The implications of improving freight are therefore multi-dimensional and profound. According to GE’s Paul Rogers, the strategic use of data can save $27 billion over 15 years by eliminating system inefficiencies in freight rail operations. The biggest of these system inefficiencies is waiting time as 2/3 of the typical time in a railcar trip is spent doing nothing except waiting for a clear track. 

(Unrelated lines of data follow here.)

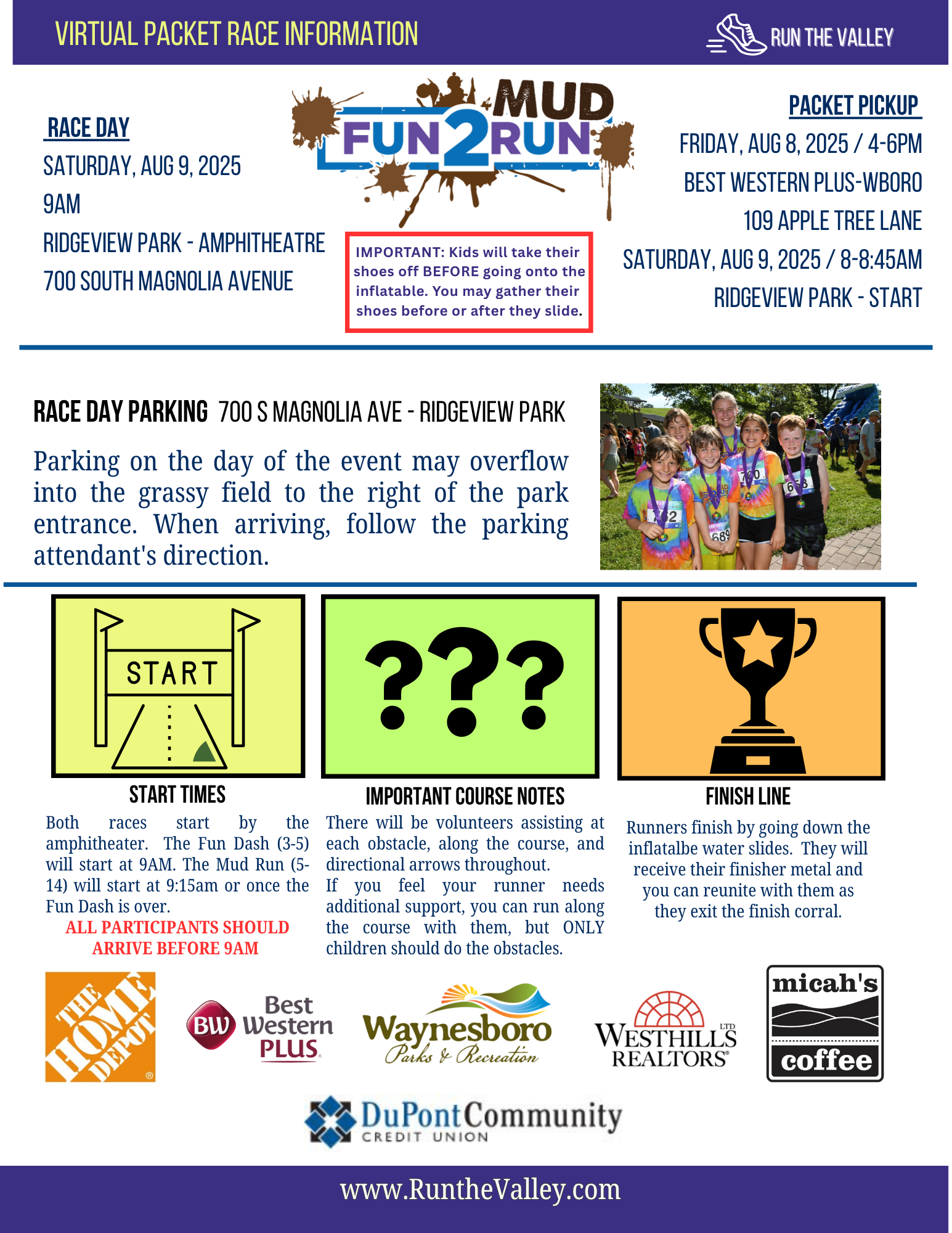 Fun Dash (little kids) will go first, followed by the Mud Run (big kids) immediately after
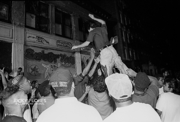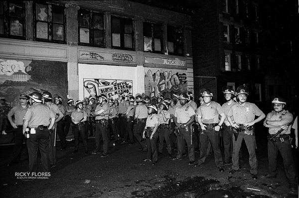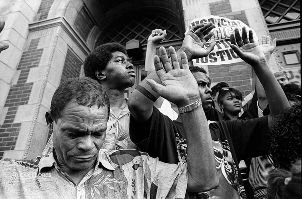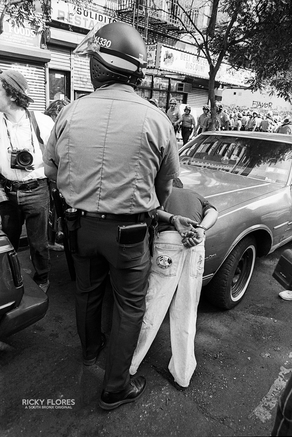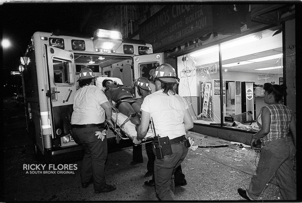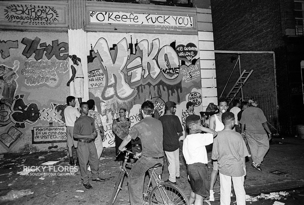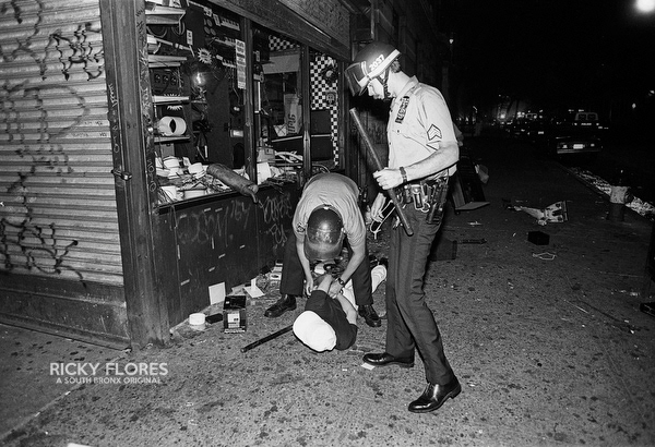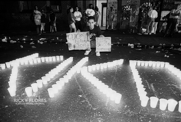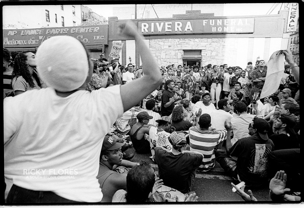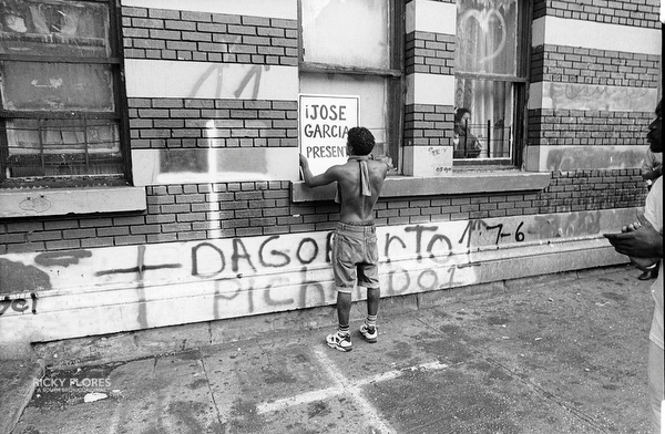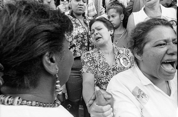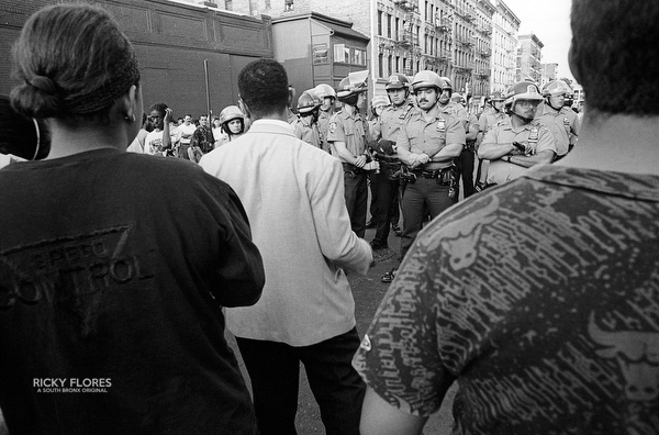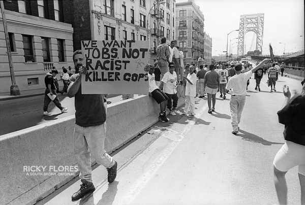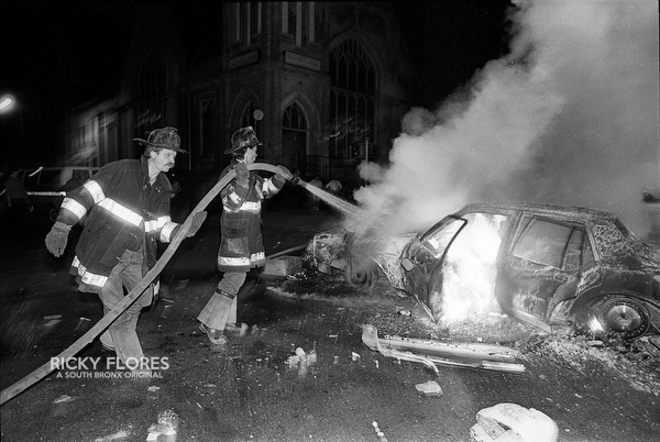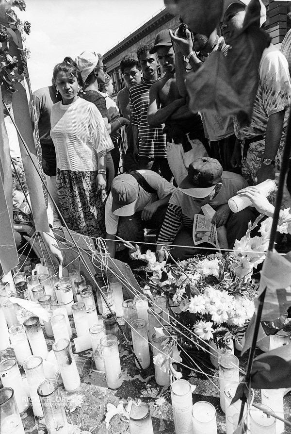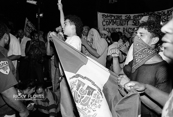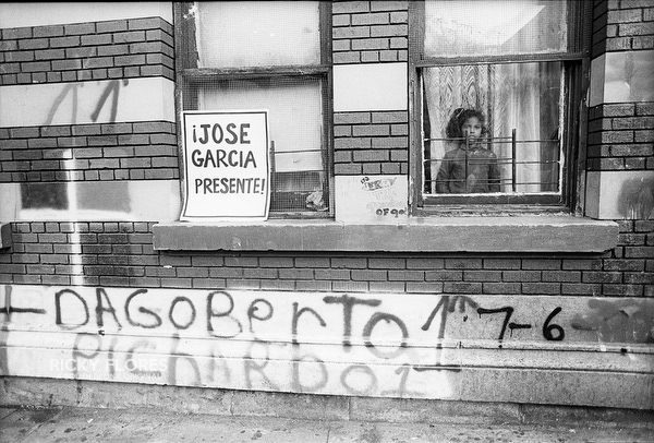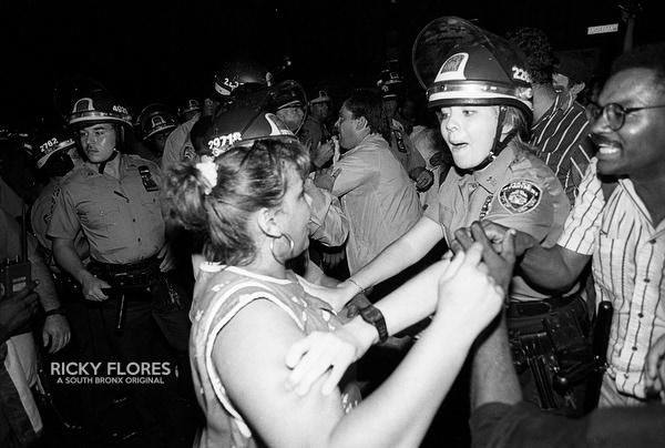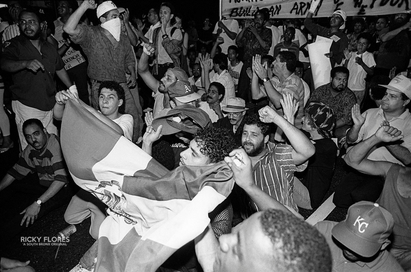 Demonstrations in Washington Heights in July of 1992 in the wake of the shooting of Jose "Kiko" Garcia by an undercover police officer during a drug sweep of the neighborhood. These photos were taken over a several days, between the 6th through the 8th. The ensuing violence resulted in major property damage to storefronts and vehicles. Street fires were set and ranged from 125th Street on St. Nicholas Avenue to the Inwood section of Manhattan. During the rioting one man died while falling from a rooftop while being chased by police and 11 people were arrested. To the horror of the family members of Dagoberto Pichardo, the man who died over night, a FDNY fire fighter was hurt while responding to one of numerous calls to turn off a fire set by rioters. The family led a march to the fire house in support of the injured fire fighter and and to beg forgiveness.
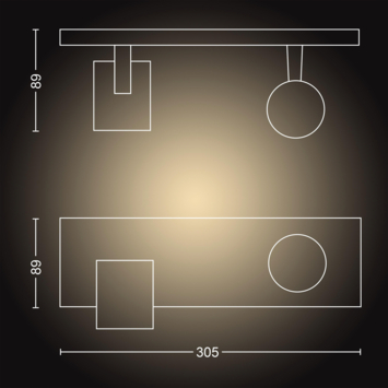 Ce luminaire à spots Philips Hue Runner noir se compose d'un socle rectangulaire sur lequel sont montés deux spots noirs directionnels. Les deux spots sont équipés de lampes LED White Ambiance, qui vous offrent facilement le choix d'une lumière blanche chaude à froide. Grâce aux 50 000 nuances de blanc, vous disposez toujours de la bonne lumière pour vous détendre, vous concentrer, lire ou faire le plein d'énergie. Utilisez l'interrupteur intelligent inclus pour allumer et éteindre vos lumières, les tamiser ou les éclaircir. Vous pouvez également facilement allumer et éteindre la lampe ou la régler sans effort avec l'application Philips Hue sur votre smartphone ou votre tablette. Lorsque vous vous connectez au Hue Bridge, vous avez accès à toutes les fonctionnalités d'éclairage intelligent disponibles, telles que la personnalisation des scènes d'éclairage, le réglage des minuteries et l'ajout d'accessoires tels que des capteurs de mouvement et des commutateurs sans fil intelligents.
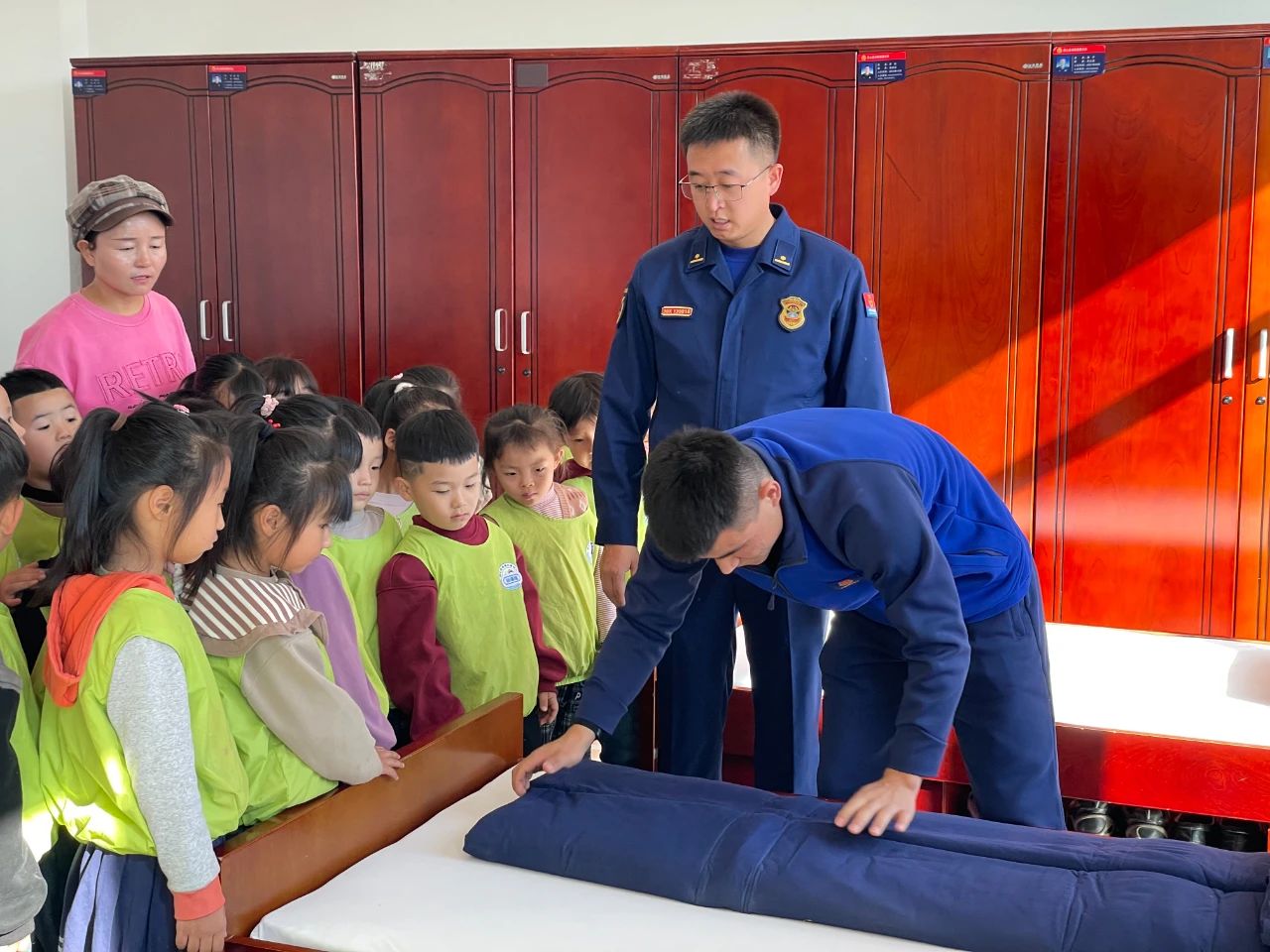 体验中,消防员首先为孩子们讲解了消防服的穿戴方法,并让他们试穿了消防服。紧接着,消防员带领孩子们参观了消防车,了解了消防装备。走进消防员宿舍后,消防员叔叔现场给孩子们演示了被褥整理,有棱有角的被褥赢得了孩子们的掌声。
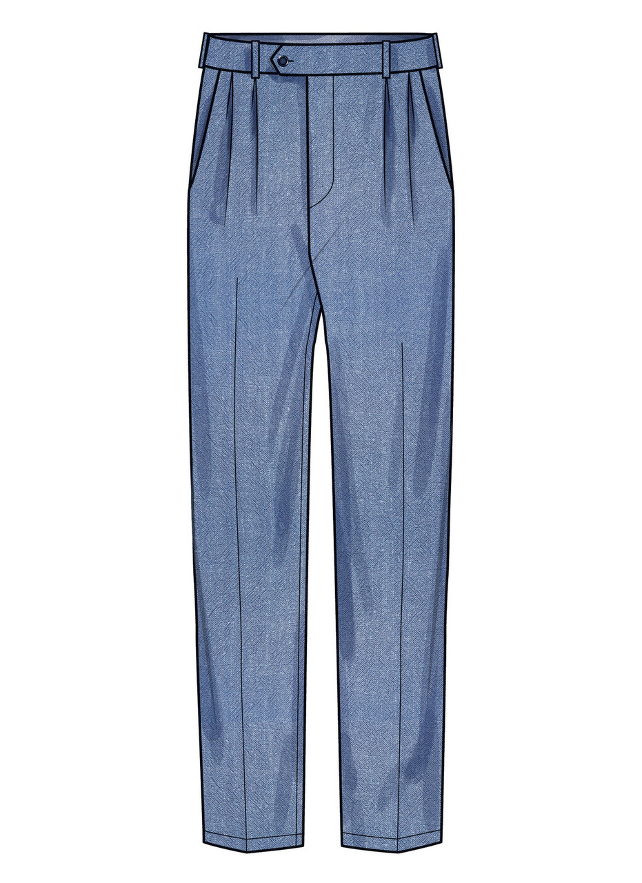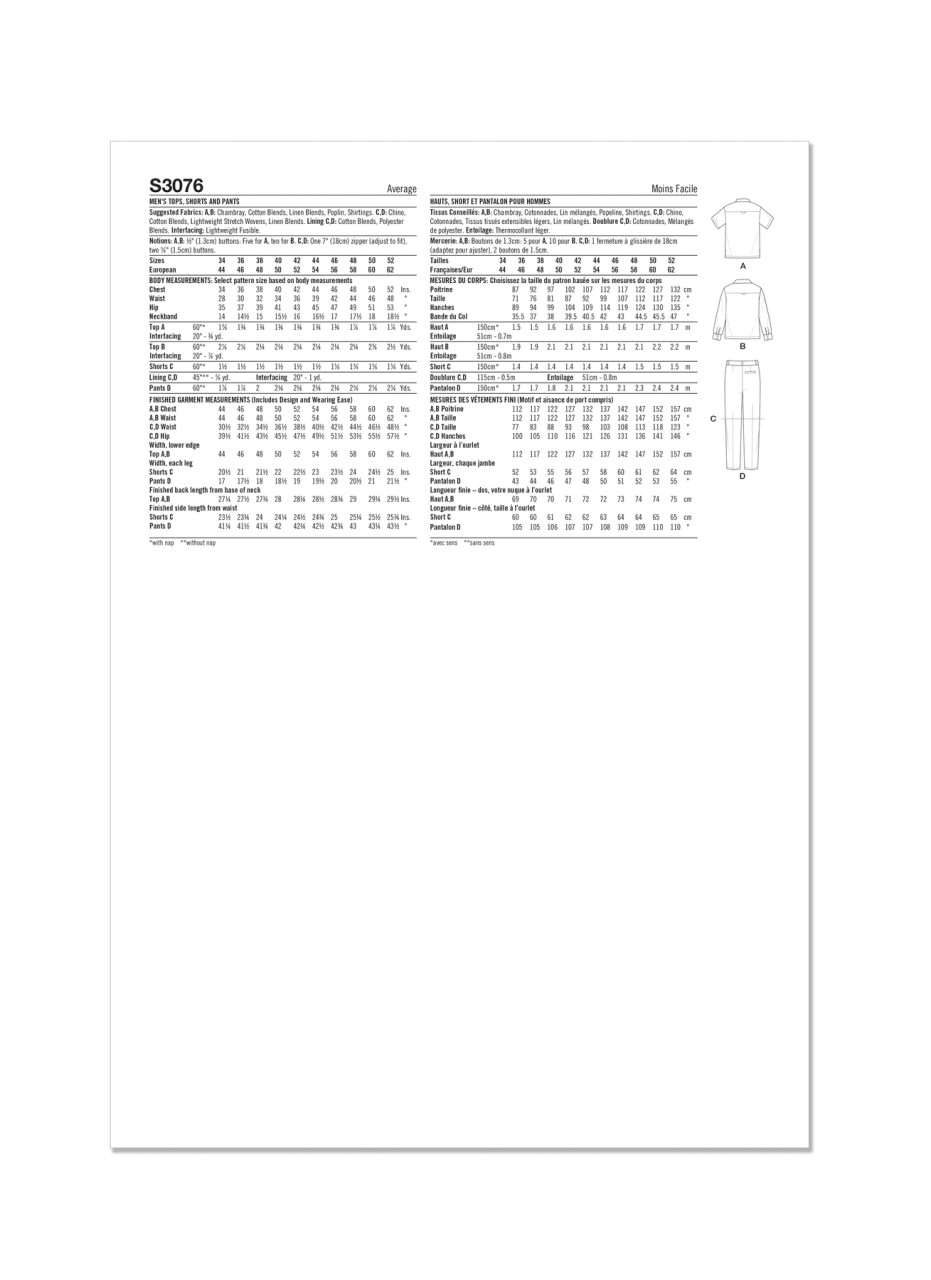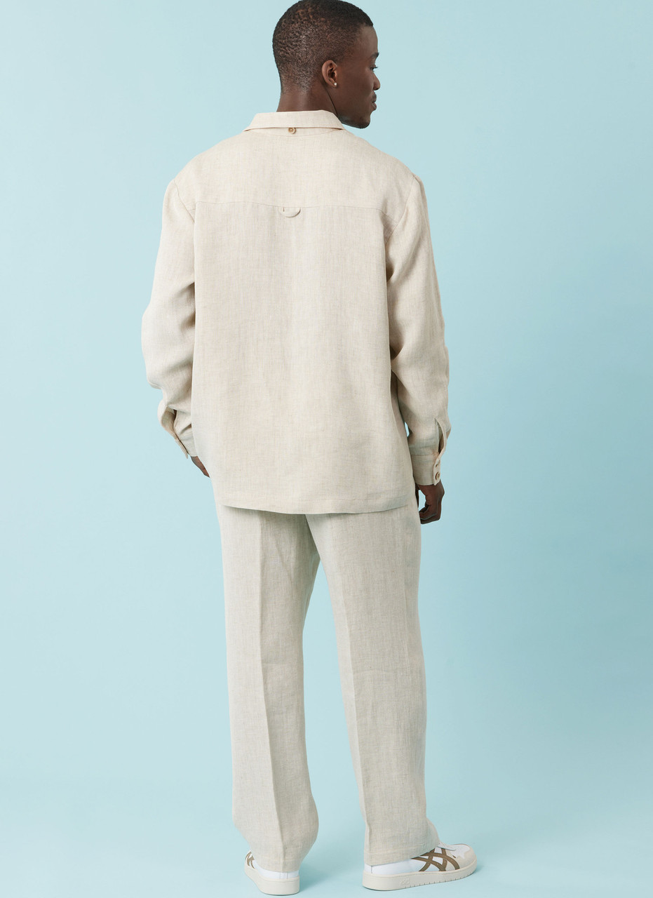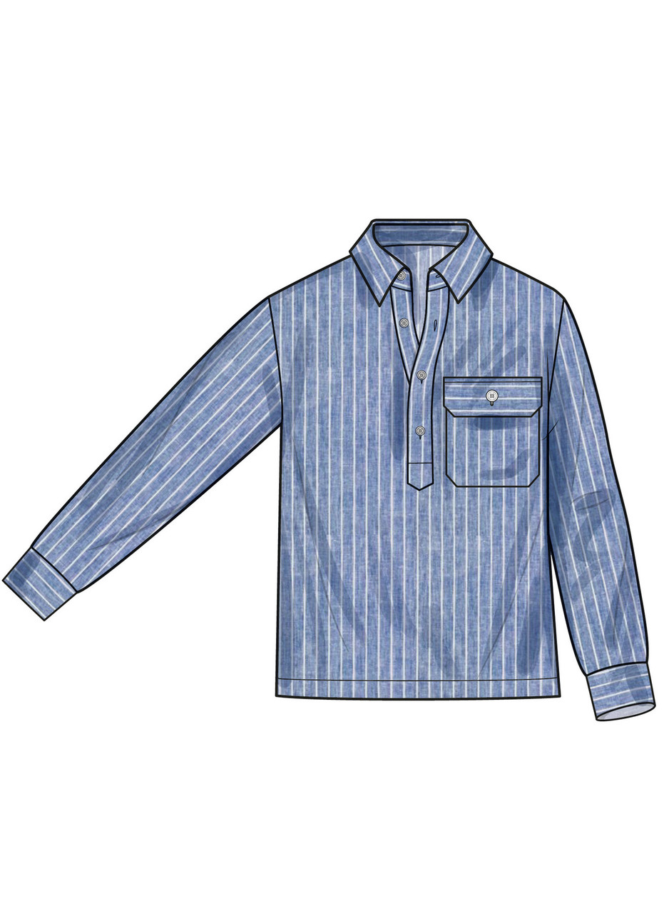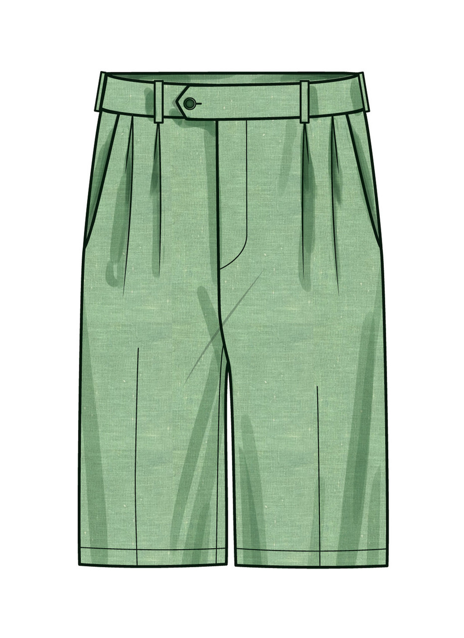 Popover shirt patterns with long or short sleeves have half placket, dropped shoulders, back yoke, single patch chest pocket with flap and button closure. View A has collar band and side slits at hem. View B has sleeves with continuous lap opening, cuffs with button closure and collar with collar stand. Shorts and pants have front pleats, back darts, waistband with belt loops and tab closure, side pockets and faux back welt pocket on the right side.

What a tremendous waste of energy, time and manpower! By using data about track conditions and congestion bottlenecks from satellites and sensors as well as analytics designed specifically for freight, it becomes possible to dramatically reduce that downtime and perfect the routing of trains and the products they transport. Significant bottlenecks like changes in address or preferred pickup location can be conveyed in real time so that the not insignificant time spent identifying where the goods should be delivered can be reduced. 

Just as consumers increasingly use data to make decisions on whether it is best to walk, bike or drive to a location, it is becoming possible for freight companies to decide the best mode of transport and whether or not to consolidate shipments for that last leg of the journey to the customer. The savings to companies and the environment as well as the benefits in terms of customer satisfaction are immense. 

In addition, there are important risks to be mitigated. In-transit stock is still the inventory of the producing entity until it is delivered to the consumer so using sensors to track it is important to avoid losses due to theft or accident. Freight companies are increasingly aware of the benefits of artificial intelligence and are embracing it. For example, US Xpress has 1,000 sensors in each of its trucks that are used to monitor speed, driver behavior, and provide data for preventive maintenance. In 2011, through the use of data from their operational delivery systems, UPS was able to reduce the distance traveled by its drivers by 30 million miles and the carbon dioxide emissions produced by 30,000 metric tons. A reduction of one mile per day per driver can amount to a savings of $50 million annually in fuel for a company like UPS. 

The impact on safety and risk reduction was also great as the company was able to avoid accidents by limiting turns at intersections and other locations likely to cause mechanical problems for its vehicles. Similar benefits can be reaped from the application of AI to air transport. According to GE’s Beth Comstock, the hundreds of sensors on a jet engine generate 1 terabyte of data in an average flight. That data can be used to help create a flight plan that uses the least amount of fuel or better navigates the increasingly volatile weather that will characterize air travel more and more as the impacts of climate change become more pronounced.